PROBLEM REQUIREMENTS ▸ Leave the pictures out. Transcribe exactly every line from the start of the records through the one containing "описание процесса вязания.".

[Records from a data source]
• • • • •

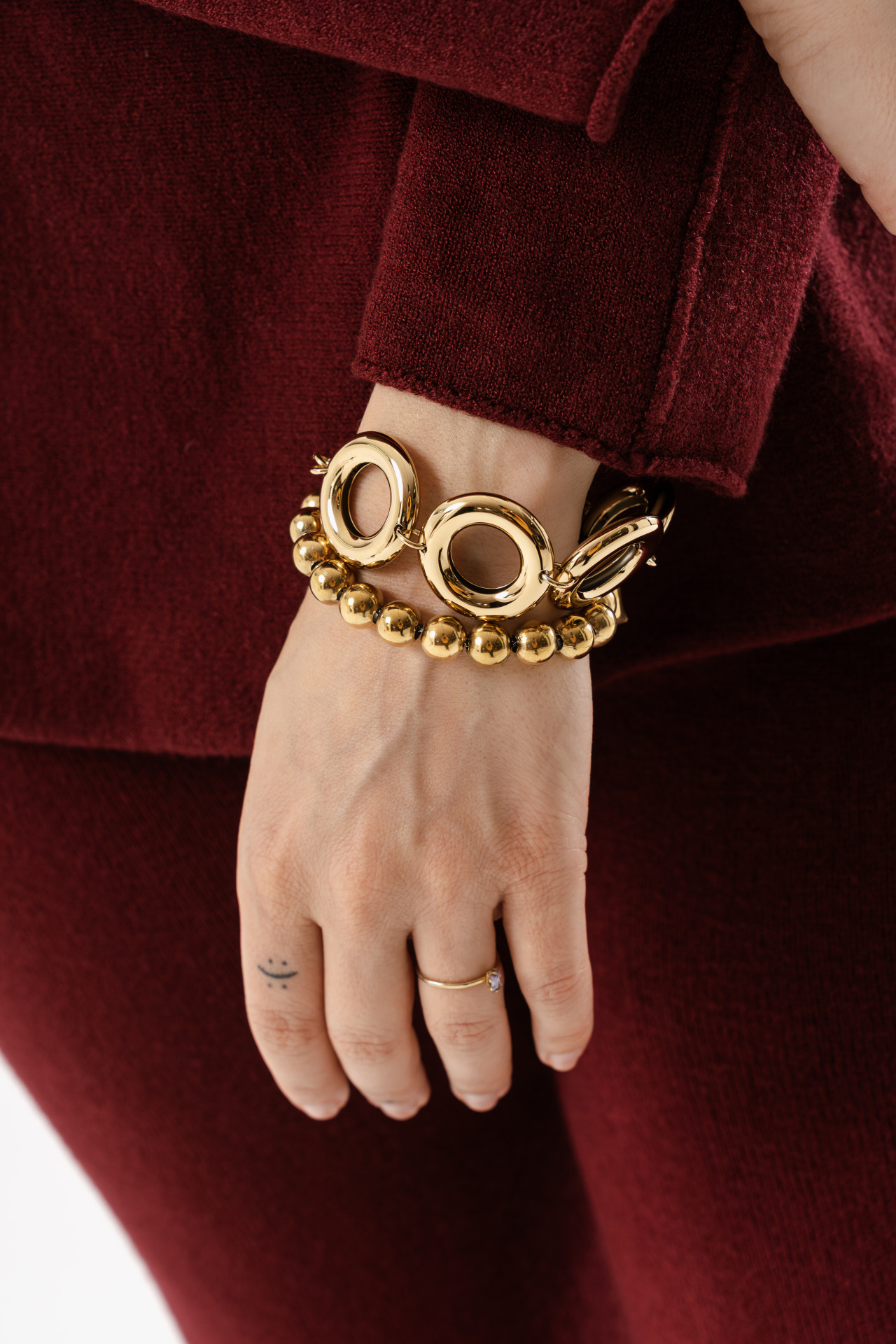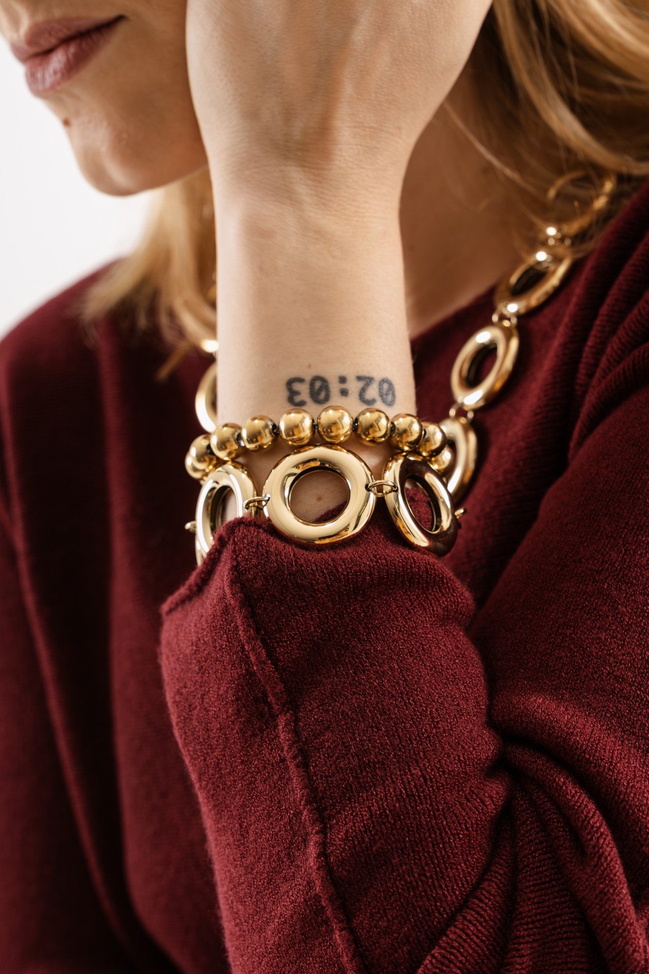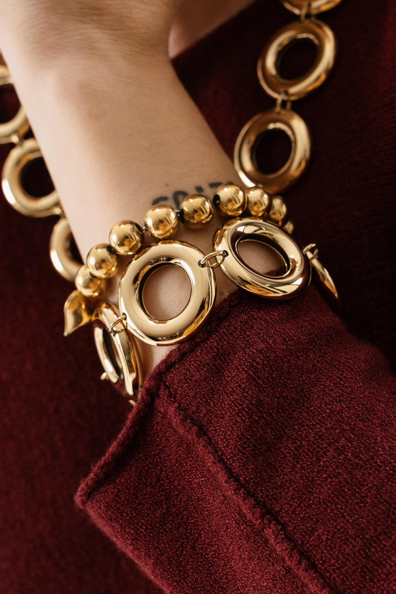 Bracciale in acciaio con sfere infilate e chiusura regolabile.
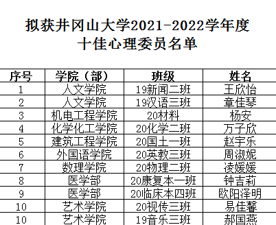 根据《井冈山大学学生奖励实施办法》的规定,经学生个人申请、各学院(部)初选、心理健康教育与咨询中心审核, 拟评选万子欣等14个学生为2021-2022学年度“优秀心理委员”。根据视频评选和现场竞选两轮比赛,拟评王欣怡等11个学生为2021-2022学年度“十佳心理委员”。
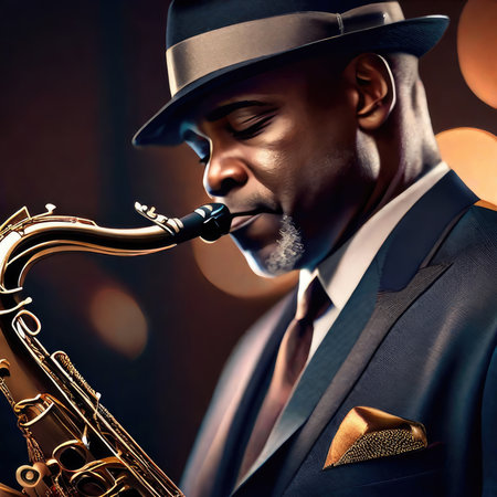 A man in a hat and blazer plays a saxophone against an orange and brown backdrop. The image displays a side profile of the musician, emphasizing the instrument and performance. The style appears artistic with a diffused effect. Suitable for editorial and commercial applications.
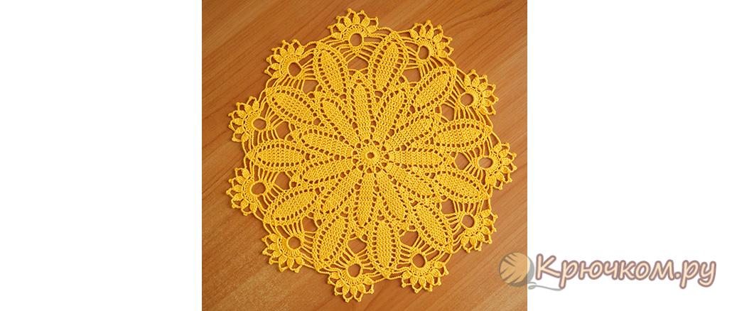 Салфетка «Солнышко» крючком (видео мастер-класс) Предлагаем связать вместе с нами яркую салфетку "Солнышко" крючком. В статье вы найдете схему салфетки, фото готового изделия и подробное описание процесса вязания.
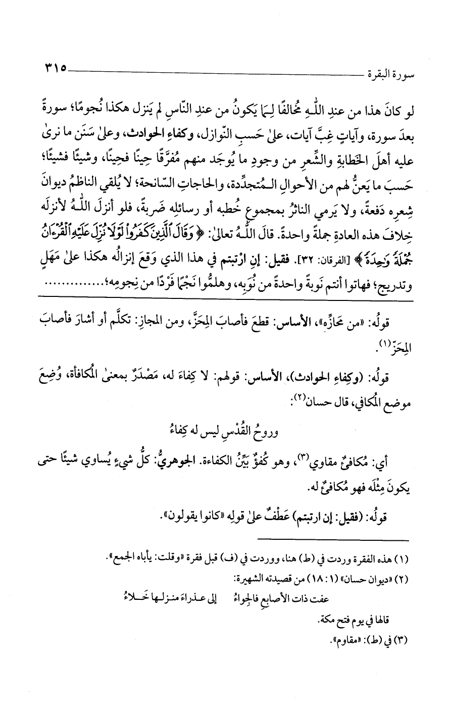 لو كان هذا من عند اللَّه مخالفاً لما يكون من عند الناس، لم ينزل هكذا نجوما سورة بعد سورة وآيات غب آيات، على حسب النوازل وكفاء الحوادث «2» وعلى سنن ما نرى عليه أهل الخطابة والشعر، من وجود ما يوجد منهم مفرقا حيناً فحيناً، وشيئاً فشيئا حسب ما يعنّ لهم من الأحوال المتجددة والحاجات السانحة، لا يلقى الناظم ديوان شعره دفعة، ولا يرمى النائر بمجموع خطبه أو رسائله ضربة، فلو أنزله اللَّه لأنزله خلاف هذه العادة جملة واحدة: قال اللَّه تعالى: (وَقالَ الَّذِينَ كَفَرُوا لَوْلا نُزِّلَ عَلَيْهِ الْقُرْآنُ جُمْلَةً واحِدَةً) [الفرقان: 32]. فقيل: إن ارتبتم في هذا الذي وقع إنزاله هكذا على مهل وتدريج، فهاتوا أنتم نوبة واحدة من نوبه، وهلموا نجماً فرداً من نجومه؛
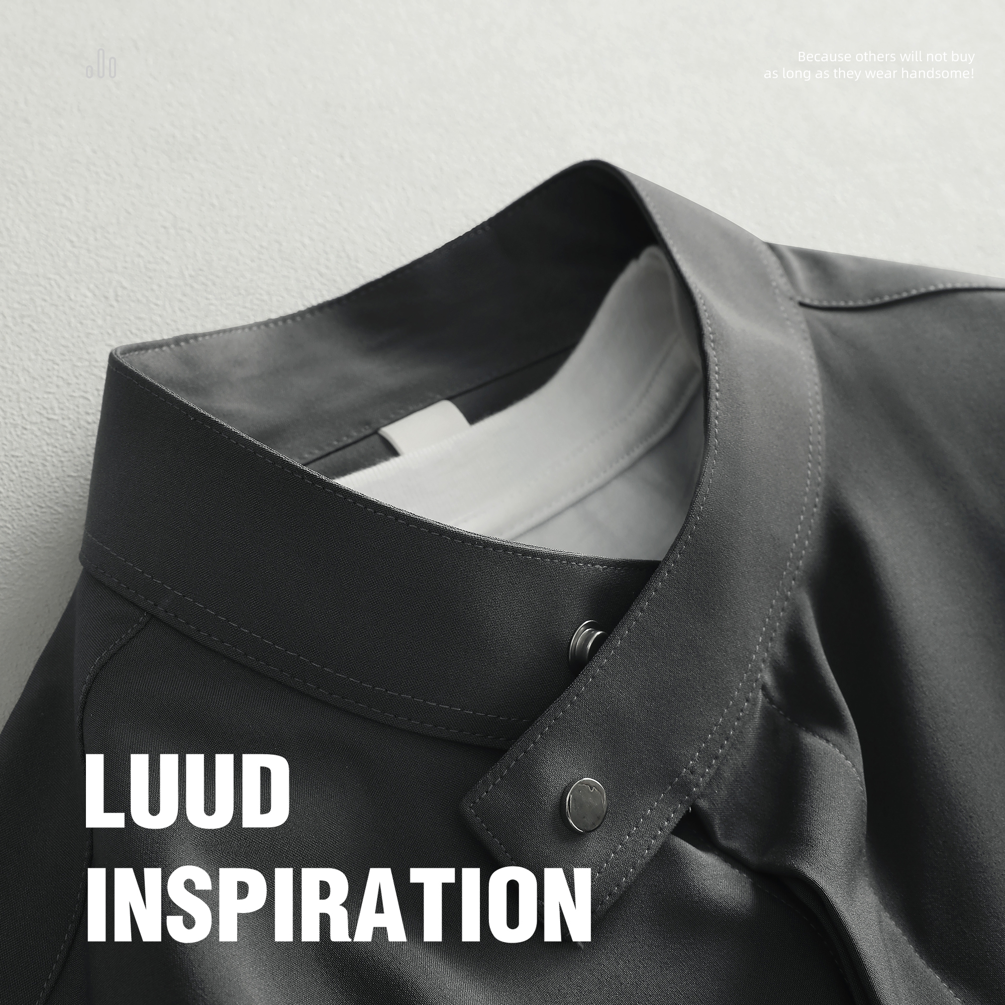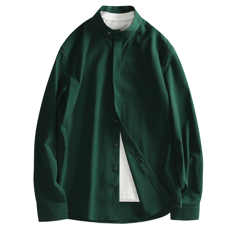 LUUD 轻奢高级感纯色免烫休闲寸衣外套小立领修身潮流灰色衬衫男

• • • • •

ANSWER AREA ▸
 Bracciale in acciaio con sfere infilate e chiusura regolabile.
 根据《井冈山大学学生奖励实施办法》的规定,经学生个人申请、各学院(部)初选、心理健康教育与咨询中心审核, 拟评选万子欣等14个学生为2021-2022学年度“优秀心理委员”。根据视频评选和现场竞选两轮比赛,拟评王欣怡等11个学生为2021-2022学年度“十佳心理委员”。
 A man in a hat and blazer plays a saxophone against an orange and brown backdrop. The image displays a side profile of the musician, emphasizing the instrument and performance. The style appears artistic with a diffused effect. Suitable for editorial and commercial applications.
 Салфетка «Солнышко» крючком (видео мастер-класс) Предлагаем связать вместе с нами яркую салфетку "Солнышко" крючком. В статье вы найдете схему салфетки, фото готового изделия и подробное описание процесса вязания.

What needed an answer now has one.